*Work to be completed*:
Write out, from the entries below, exactly the lines that run between the lines holding "Acorn Sherling Sheepskin" and "This paper introduces", inclusive, and stop there.

======== Available records

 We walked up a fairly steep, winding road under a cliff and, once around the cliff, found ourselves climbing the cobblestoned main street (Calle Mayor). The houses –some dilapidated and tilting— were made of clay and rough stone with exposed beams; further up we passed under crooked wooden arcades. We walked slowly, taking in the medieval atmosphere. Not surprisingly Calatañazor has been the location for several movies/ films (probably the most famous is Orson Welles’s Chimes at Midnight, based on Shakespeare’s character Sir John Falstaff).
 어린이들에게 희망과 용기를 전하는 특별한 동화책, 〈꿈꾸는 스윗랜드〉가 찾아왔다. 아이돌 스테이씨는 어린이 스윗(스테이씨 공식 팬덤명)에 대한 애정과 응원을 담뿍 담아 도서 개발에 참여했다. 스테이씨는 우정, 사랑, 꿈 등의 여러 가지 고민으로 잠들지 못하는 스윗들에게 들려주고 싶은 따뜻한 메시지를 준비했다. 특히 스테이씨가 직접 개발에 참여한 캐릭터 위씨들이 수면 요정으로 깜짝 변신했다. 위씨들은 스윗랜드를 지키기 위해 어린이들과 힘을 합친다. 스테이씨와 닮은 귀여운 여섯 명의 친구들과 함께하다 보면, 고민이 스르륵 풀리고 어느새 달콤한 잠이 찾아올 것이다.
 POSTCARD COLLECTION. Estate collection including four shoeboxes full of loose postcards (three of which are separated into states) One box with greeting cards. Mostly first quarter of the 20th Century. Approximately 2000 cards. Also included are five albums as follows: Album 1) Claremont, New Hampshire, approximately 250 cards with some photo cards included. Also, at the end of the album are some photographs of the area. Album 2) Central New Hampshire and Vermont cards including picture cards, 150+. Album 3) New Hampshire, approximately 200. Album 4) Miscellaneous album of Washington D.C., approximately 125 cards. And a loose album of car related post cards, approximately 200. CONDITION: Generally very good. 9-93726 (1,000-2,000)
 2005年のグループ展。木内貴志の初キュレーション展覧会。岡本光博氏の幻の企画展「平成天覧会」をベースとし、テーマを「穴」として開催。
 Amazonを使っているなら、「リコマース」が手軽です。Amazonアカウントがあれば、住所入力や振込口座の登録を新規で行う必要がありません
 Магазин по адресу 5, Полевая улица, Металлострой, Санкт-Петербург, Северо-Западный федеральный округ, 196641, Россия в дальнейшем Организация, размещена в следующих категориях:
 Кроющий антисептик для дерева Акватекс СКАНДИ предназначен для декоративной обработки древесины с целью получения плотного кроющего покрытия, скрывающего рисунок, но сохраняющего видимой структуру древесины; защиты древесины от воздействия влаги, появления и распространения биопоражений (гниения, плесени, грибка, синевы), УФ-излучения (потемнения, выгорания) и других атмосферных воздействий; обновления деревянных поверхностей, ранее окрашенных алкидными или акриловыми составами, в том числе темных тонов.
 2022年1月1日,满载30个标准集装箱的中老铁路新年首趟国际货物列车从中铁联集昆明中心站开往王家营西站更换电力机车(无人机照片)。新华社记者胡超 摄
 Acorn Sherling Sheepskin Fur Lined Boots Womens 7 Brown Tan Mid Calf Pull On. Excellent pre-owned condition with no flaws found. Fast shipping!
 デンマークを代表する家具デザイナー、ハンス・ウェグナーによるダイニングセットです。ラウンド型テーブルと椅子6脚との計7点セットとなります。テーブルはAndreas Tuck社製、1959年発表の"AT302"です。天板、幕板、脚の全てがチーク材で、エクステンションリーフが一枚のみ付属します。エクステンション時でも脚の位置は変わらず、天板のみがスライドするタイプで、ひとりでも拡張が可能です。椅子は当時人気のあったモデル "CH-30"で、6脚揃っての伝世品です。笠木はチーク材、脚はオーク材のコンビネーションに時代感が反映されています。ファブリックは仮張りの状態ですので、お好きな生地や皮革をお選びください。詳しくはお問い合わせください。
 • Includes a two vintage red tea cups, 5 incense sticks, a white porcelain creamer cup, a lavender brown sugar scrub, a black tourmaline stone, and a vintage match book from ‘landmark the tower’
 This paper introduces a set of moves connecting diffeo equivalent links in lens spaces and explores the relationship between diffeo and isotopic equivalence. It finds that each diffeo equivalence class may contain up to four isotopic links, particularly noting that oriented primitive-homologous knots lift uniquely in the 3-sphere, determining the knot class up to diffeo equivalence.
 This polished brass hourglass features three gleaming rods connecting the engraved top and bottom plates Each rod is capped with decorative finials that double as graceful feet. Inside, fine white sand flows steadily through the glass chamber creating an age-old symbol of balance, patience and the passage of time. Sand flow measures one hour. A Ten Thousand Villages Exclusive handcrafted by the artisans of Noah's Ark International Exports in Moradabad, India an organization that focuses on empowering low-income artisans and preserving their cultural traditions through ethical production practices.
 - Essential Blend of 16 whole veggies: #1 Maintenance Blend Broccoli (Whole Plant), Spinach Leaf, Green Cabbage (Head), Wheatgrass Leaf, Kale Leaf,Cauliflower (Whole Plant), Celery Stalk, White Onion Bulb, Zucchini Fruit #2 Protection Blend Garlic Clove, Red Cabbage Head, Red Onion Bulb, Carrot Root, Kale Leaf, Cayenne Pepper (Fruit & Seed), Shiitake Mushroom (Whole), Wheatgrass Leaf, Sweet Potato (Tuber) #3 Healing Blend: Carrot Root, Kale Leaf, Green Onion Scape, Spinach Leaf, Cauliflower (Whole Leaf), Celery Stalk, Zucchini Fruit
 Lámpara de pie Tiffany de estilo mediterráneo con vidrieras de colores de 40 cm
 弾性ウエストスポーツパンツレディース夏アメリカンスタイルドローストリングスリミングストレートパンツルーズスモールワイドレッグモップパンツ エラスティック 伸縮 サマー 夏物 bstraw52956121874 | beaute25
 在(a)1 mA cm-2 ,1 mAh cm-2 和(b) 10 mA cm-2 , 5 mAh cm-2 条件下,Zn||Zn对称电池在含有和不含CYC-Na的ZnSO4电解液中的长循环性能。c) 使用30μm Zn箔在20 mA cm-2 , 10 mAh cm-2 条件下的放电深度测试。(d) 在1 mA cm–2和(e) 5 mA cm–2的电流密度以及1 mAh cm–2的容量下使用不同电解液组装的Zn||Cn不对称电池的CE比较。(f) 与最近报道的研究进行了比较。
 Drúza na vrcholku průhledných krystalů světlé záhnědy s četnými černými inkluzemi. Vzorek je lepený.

================

*Exercise result*:
 Acorn Sherling Sheepskin Fur Lined Boots Womens 7 Brown Tan Mid Calf Pull On. Excellent pre-owned condition with no flaws found. Fast shipping!
 デンマークを代表する家具デザイナー、ハンス・ウェグナーによるダイニングセットです。ラウンド型テーブルと椅子6脚との計7点セットとなります。テーブルはAndreas Tuck社製、1959年発表の"AT302"です。天板、幕板、脚の全てがチーク材で、エクステンションリーフが一枚のみ付属します。エクステンション時でも脚の位置は変わらず、天板のみがスライドするタイプで、ひとりでも拡張が可能です。椅子は当時人気のあったモデル "CH-30"で、6脚揃っての伝世品です。笠木はチーク材、脚はオーク材のコンビネーションに時代感が反映されています。ファブリックは仮張りの状態ですので、お好きな生地や皮革をお選びください。詳しくはお問い合わせください。
 • Includes a two vintage red tea cups, 5 incense sticks, a white porcelain creamer cup, a lavender brown sugar scrub, a black tourmaline stone, and a vintage match book from ‘landmark the tower’
 This paper introduces a set of moves connecting diffeo equivalent links in lens spaces and explores the relationship between diffeo and isotopic equivalence. It finds that each diffeo equivalence class may contain up to four isotopic links, particularly noting that oriented primitive-homologous knots lift uniquely in the 3-sphere, determining the knot class up to diffeo equivalence.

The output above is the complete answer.